Некоторые наиболее вдумчивые из этих молодых чиновников и офицеров понимали, что иначе и быть не может, потому что многое ли изменилось в Петербурге, во всей России с тех времен, когда хозяйничал здесь Аракчеев? Ну, не он, так Клейнмихель. Не император Александр, так Николай. Незыблемым осталось крепостное право, по-прежнему были обречены на пожизненную муку солдаты, чиновники всех ведомств так же соревновались в казнокрадстве, и все еще существовали откупа, обогащавшие пройдох и разорявшие простой народ. Чему же удивляться, если все идет, как двадцать, как сорок лет назад и влияние Аракчеева, самого яркого выразителя существующего доныне порядка, так стойко держится в обиходе учреждений, душой которых он был?

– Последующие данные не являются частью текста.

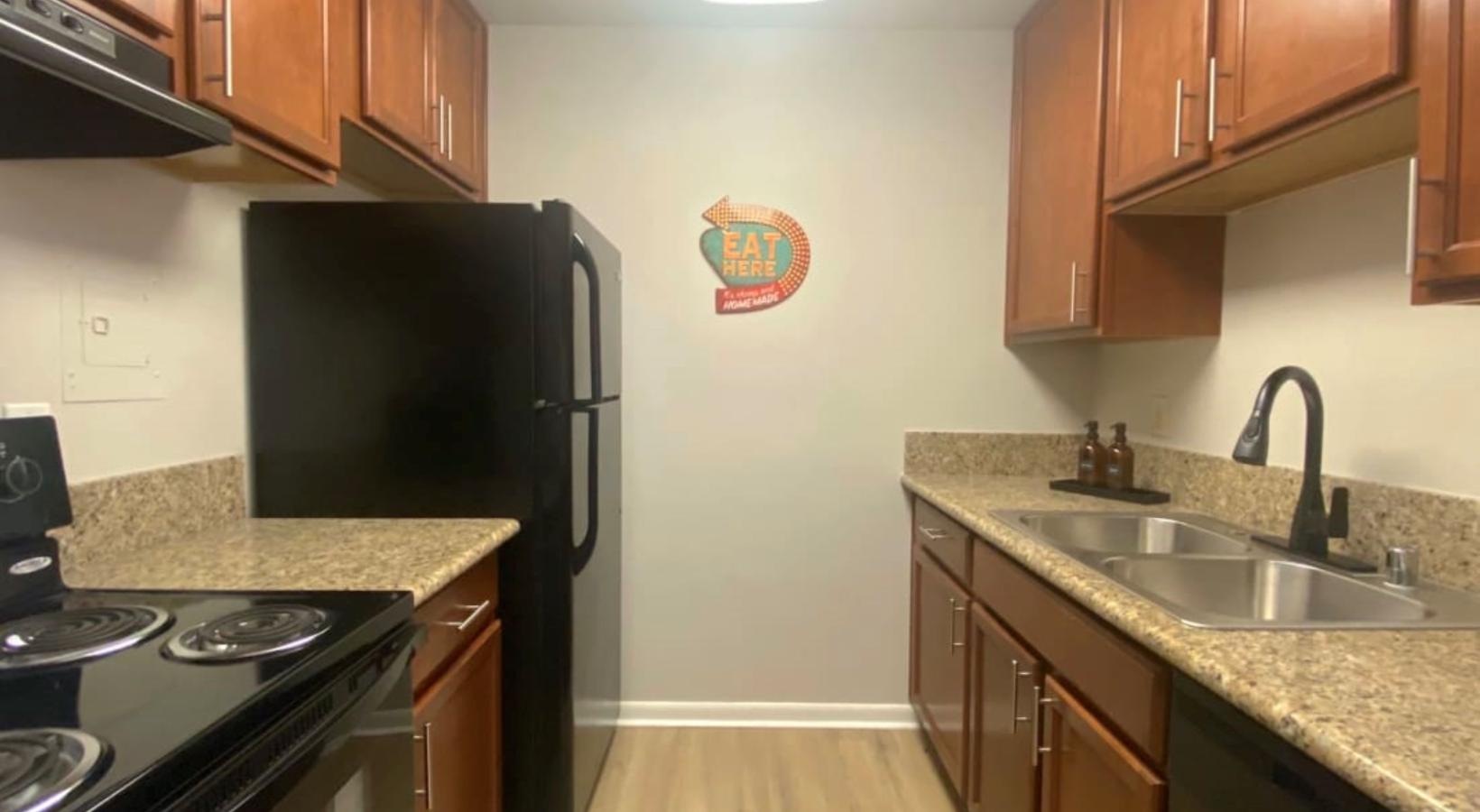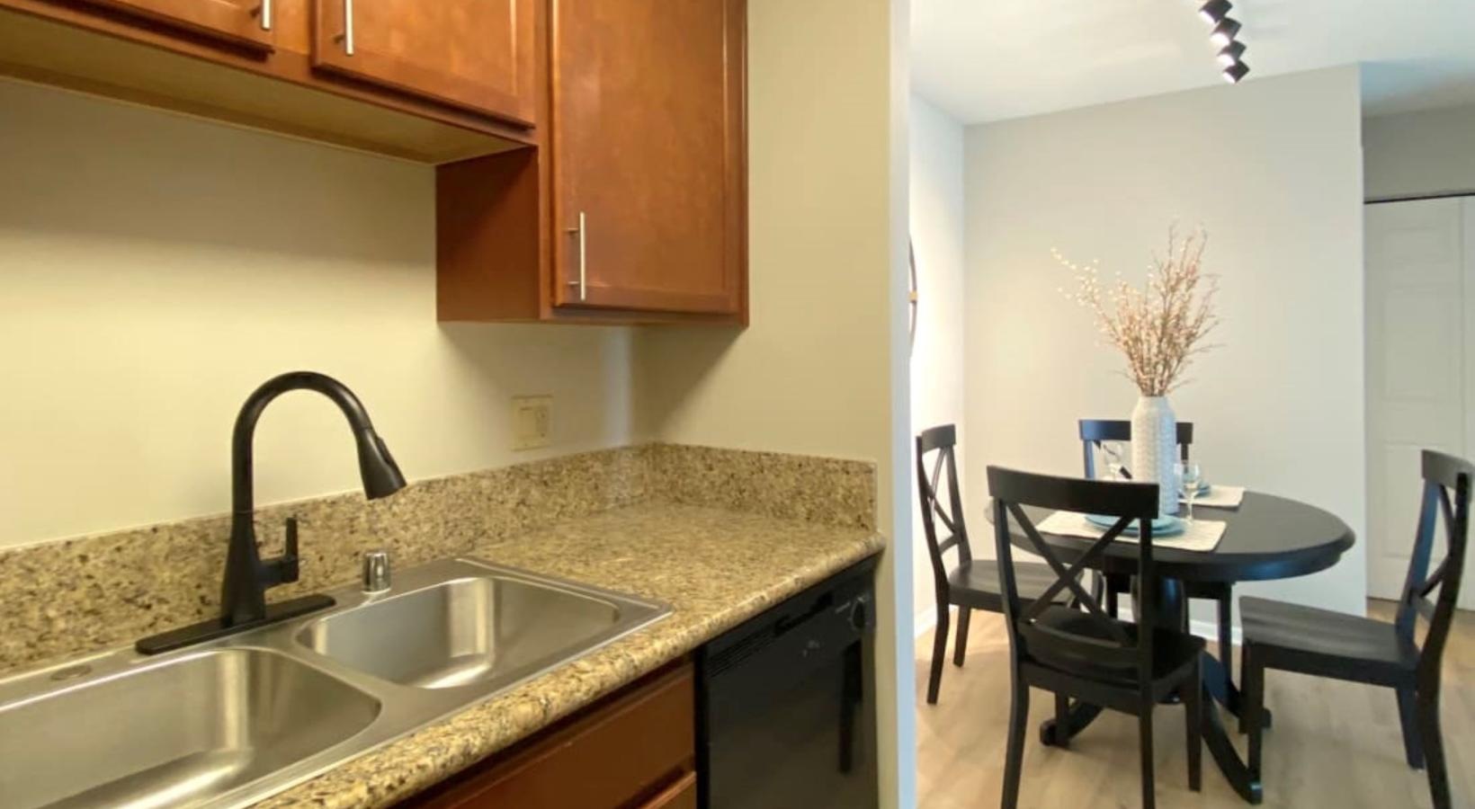 • a kitchen with wooden cabinets
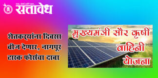 Team Sattavedh Nagpur Task Force claims that farmers will be provided with electricity during the day : जिल्हाधिकाऱ्यांच्या अध्यक्षतेत बैठक; ‘मुख्यमंत्री सौर कृषी वाहिनी’ योजनेची अंमलबजावणी Nagpur राज्याचे मुख्यमंत्री हे ऊर्जामंत्री देखील आहेत. पण त्यांच्या गृह जिल्ह्यातच गेल्या सहा महिन्यांपासून विजेचा लपंडाव सुरू आहे. अख्खा जिल्हा महावितरणच्या गलथान कारभाराने त्रस्त आहे. अश्यात ‘मुख्यमंत्री सौर कृषी … Continue reading Mukhyamantri Saur Krishi Vahini Yojana : शेतकऱ्यांना दिवसा वीज देणार, नागपूर टास्क फोर्सचा दावा
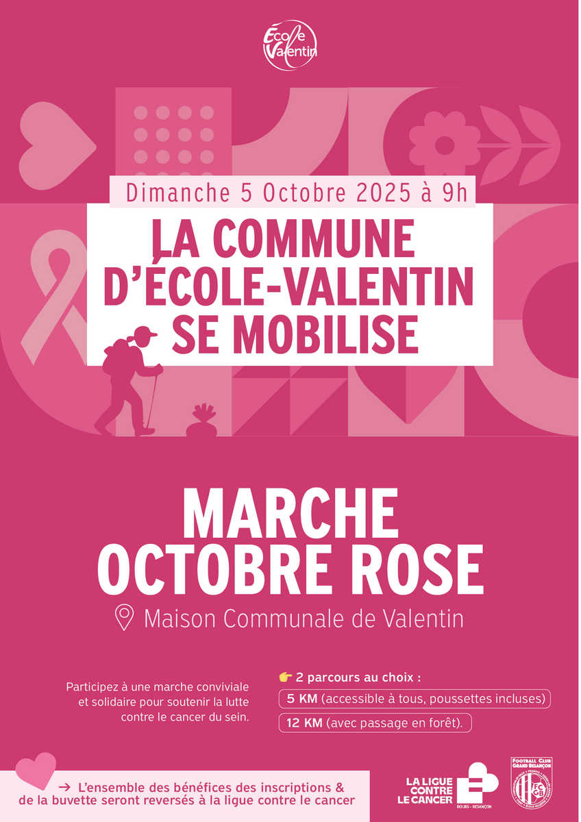 A l'occasion d'Octobre Rose, la commune d'Ecole-Valentin se mobilise et vous invite à venir marcher contre le cancer du sein !
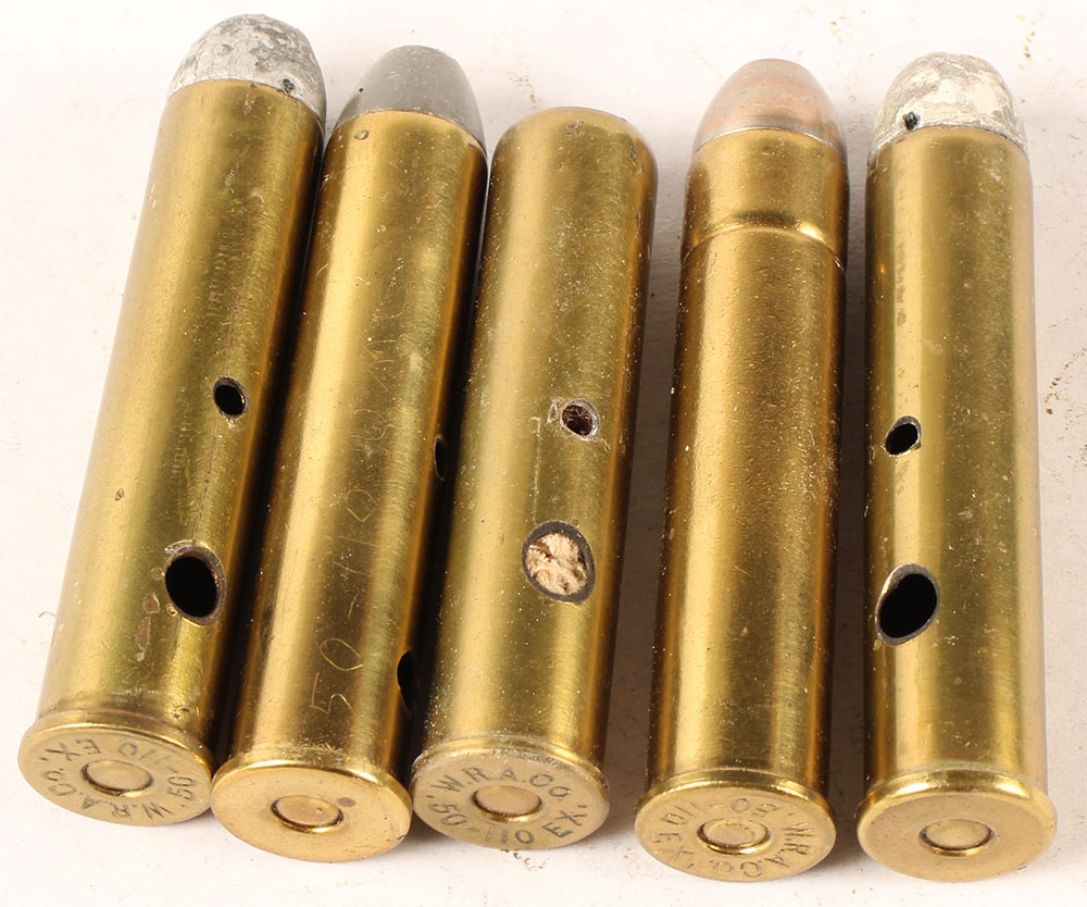 Lot of 5, American Large Caliber Sporting Cartridges. (1) .50x2.5'' Sharps. NHS. ''BLANK''. (4) .50-110 Winchester. 1--HS:''REM-UMC 50-110 HV'', FN Tinned CJ SP, 1--HS:''W.R.A. Co. 50-110 W.H.V.'', FN CJ SP, 2--HS:''W.R.A.Co. 50-110 EX'', one is HP CJ SP and the other is FN CJ FMJ. All have 2 non-factory holes in case. Grade Very Good. - Value: 40 to 150
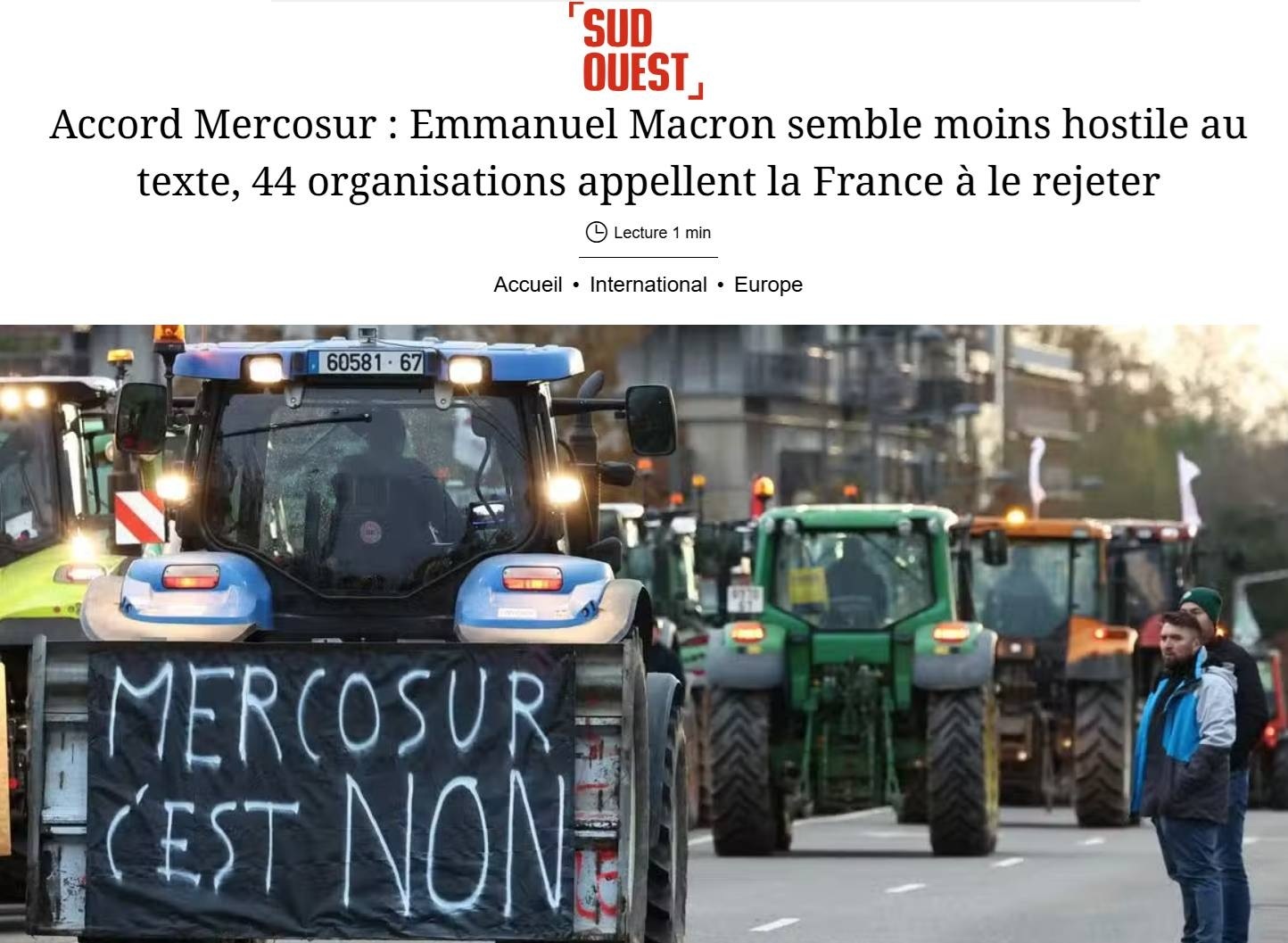سود وست – توافق مرکوسور (پیمان تبادل تجاری اتحادیه اروپا و ۵ کشور آمریکای لاتین) و تغییر موضع و نرمش مکرون درباره متن توافقنامه؛ ۴۴ اتحادیه غیردولتی و سازمان غیردولتی شفافیت این موضع گیری را خواستار شدهاند.

Ничто не удивляло и Серякова в этом мире казенных бумаг, строгой субординации и внешнего благообразия. В Пскове он видел все то же, только в меньших масштабах, обо всем этом слышал с детства, как себя помнил.
Но он очень скоро понял, что здесь судьба наконец повернулась к нему лицом. Попав в столичные писаря, он разом освободился от беспросветной строевой службы. По мундиру и в департаменте он оставался солдатом. Начальство, вплоть до самого ничтожного коллежского регистратора, говорило ему, как и всем писарям, «ты», но обращалось довольно вежливо.